Kooma showed me a Bible which had been given him by Father Damien. It was well thumb-marked, torn, and pencilled by the priest at those pages where he had made my friend memorise different passages. On the front leaf was Damien’s signature. On my handing the sacred gift back to the Hawaiian he carefully placed it at the bottom of his chest; and I knew that it would be no use my attempting to get it from him, however much I might want the book. Many interesting things did I learn from my stay at this native’s house, for night after night I would get him in a reminiscent mood. It appeared that as time wore on the young priest, who was a handsome, healthy-looking man, became somewhat subdued and saddened, and aged considerably in the space of three or four years. At times he was morose and unapproachable, though afterwards he would gaze with kindly eyes on those whom he might have spoken to in anger.

“Did he ever go away?” I asked Kooma, and he answered: “Sometimes he would go for one or two days, and often at night-time go off wandering alone in the forestlands about his house; and night after night at sunset he would sit with his chin on his hands and gaze toward the seaward sunset, with eyes that saw far away.” And then Kooma added: “And I would say, ‘Master, shall I get thee more firewood?’ and he would not answer, but would steadily gaze on, and I could see the tears in his eyes, and I knew that he sorrowed over that which I knew not of.” So earnest was Kooma’s manner that, as he told me these things, I saw the past, the lonely hut home and the exiled priest gazing into the sunset, sick at heart as he dreamed of his childhood’s home across the world. I wondered somewhat, and thought over the stories Raeltoa of Samoa had told me, which I have written about in my earlier book of reminiscences. For Raeltoa the Samoan had also known Father Damien, as, of course, hundreds of natives did, and had told me, unasked, of his kindness and heart-felt sorrow for those who hid from the leper captors as they searched for the stricken people.

For leprosy had wiped out thousands of the natives of the Sandwich Islands and elsewhere. When once the victims revealed the purplish-yellow patch on their bodies they were doomed, for no cure was, or is, known for the scourge of leprosy.

In Kooma’s house dwelt a chief who lived in Oahu. He had elephantiasis, which had swelled his legs to three times their normal size. He used to sit under the pandanus-trees reading his Bible as I talked with Kooma, and I was extremely pleased to hear, on inquiring, that his complaint was not contagious; for when he squatted with his knees up in front of him, so swollen were his limbs that his body and head were hidden from view.

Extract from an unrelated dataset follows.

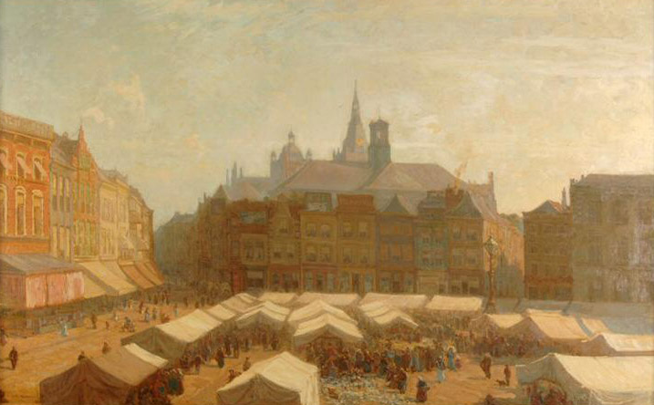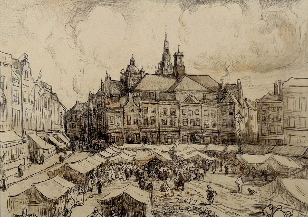 Tentoonstellingscatalogus3. Studie van het Marktgezicht. Zwartkrijttekening door Frans Slager (1876-1953), 47 x 69 cm. (Bruikleen: Gemeente 's-Hertogenbosch.)

But to go back to Kooma’s reminiscences. “What happened before Father Damien went away to the Leper Isle of Molokai?” I asked, and Kooma answered: “He became most sad, and then wished many of my people who had the leper patch good-bye, and promised to go one day and see them, and made them happier with smiles and promises; and often he would go a long way off to comfort those whose relatives had been taken to the dreaded lazaretto.”

“Did you see Father Damien after he had gone to the lazaretto?” I asked. “Yes,” he replied; “and he looked most sad and very, very much older: and I asked him of my sister, whom he had seen at Molokai, for she was stricken with the plague, and he said, ‘Kooma, your sister is happy; the spirit is well, though the flesh, which is nothing, is ill.’”

Then Kooma told me much of the doings of the Flemish priest: how he had toiled incessantly for the welfare of his native children, ministering to their souls; and how his influence had soothed their hearts, hearts that still half nursed the old traditions; for the Hawaiians were originally a wild race, and still their songs told of heathen mythology, of mighty warriors, of love and ravishment, and of cannibalistic times, so Damien’s task of reforming them was no easy one.

For many years the dreadful scourge had crept, with its fatal grip, over the whole of the Sandwich Group, and as time went on it became so prevalent that the Hawaiian Government decided that the best step to take to stay the horror of fetid rot which was annihilating the race was to isolate all those afflicted with the disease and send them to Molokai.